Des caractéristiques faunistiques et floristiques singulières

Les interfaces terre-mer - interpénétrations des milieux maritimes et terrestres - contribuent largement à expliquer la diversité et la richesse d’un patrimoine naturel parfois d’intérêt européen.

La Rance représente un secteur majeur en termes d’hivernage, de nidification et de migration des oiseaux. Plus de 228 espèces ont été signalées sur la Rance maritime, 176 sont protégées au niveau national, 47 espèces sont inscrites à la directive oiseaux qui définit les espèces européennes majeures (Sterne pierregarin, Balbuzard pêcheur, etc.).

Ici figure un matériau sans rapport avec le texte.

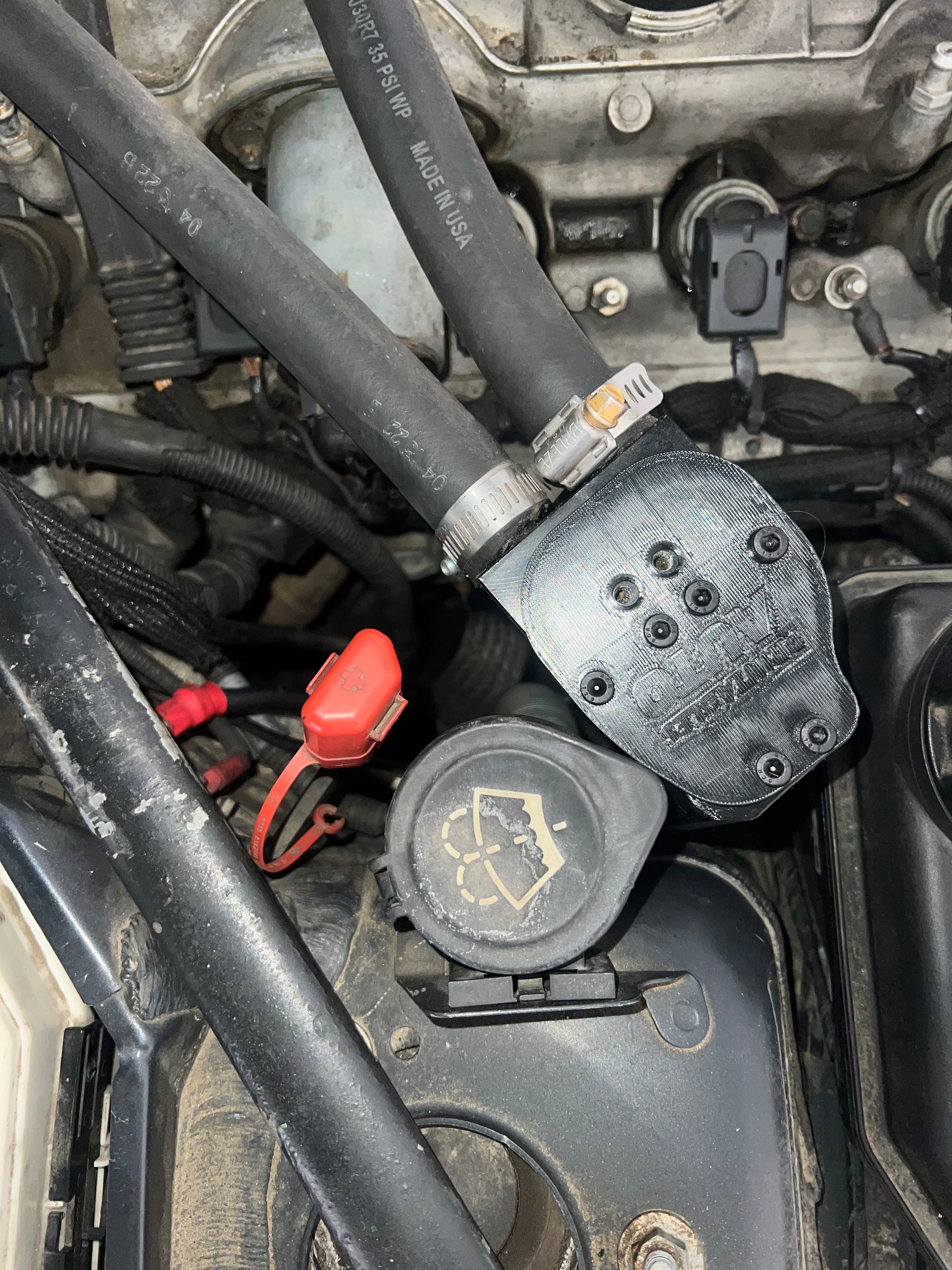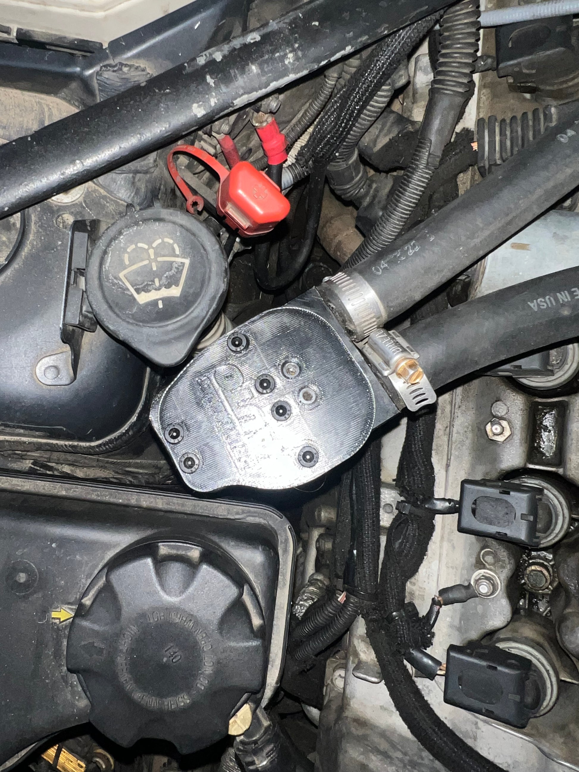The factory N54 catch can amazingly uses M5 hardware, which I love using so we made a faceplate to screw into all the holes for a solid firm connection

Le territoire présente également 19 des 21 espèces de chiroptères régionales, deux sont d’intérêt communautaire. La loutre terrestre et l’anguille, espèces d’intérêt international, sont également présentes. Concernant la faune maritime, des bancs de dauphins sont souvent observés au large de la côte d’Emeraude et sur les rivages de la Rance.

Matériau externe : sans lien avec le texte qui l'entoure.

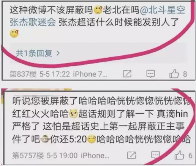 相关动态同步到了张杰超话,张杰粉丝立马开闹,要求超话屏蔽鼓励谢娜的帖子,连张杰本人发的都不行!

Le territoire dispose également, notamment du fait de la présence d’un front littoral, de plusieurs espèces florales protégées au niveau régional et national et d’espèces rares et/ou menacées inscrites sur la liste rouge du massif armoricain. Cinq communes du littoral comptent plus de 4 espèces florales protégées au niveau national. 22 communes comptent plus de six espèces rares et/ou menacées inscrites sur la liste rouge des espèces végétales rares et menacées du massif armoricain. L’intérieur des terres présente également des zones floristiquement riches : la moyenne et la basse vallée de la Rance, avec le secteur calcaire des faluns, les environs de Dinan et les débuts de la Rance maritime.

Qui plus est, l’état des connaissances encore hétérogène laisse à penser que la richesse naturelle reste largement sous-estimée.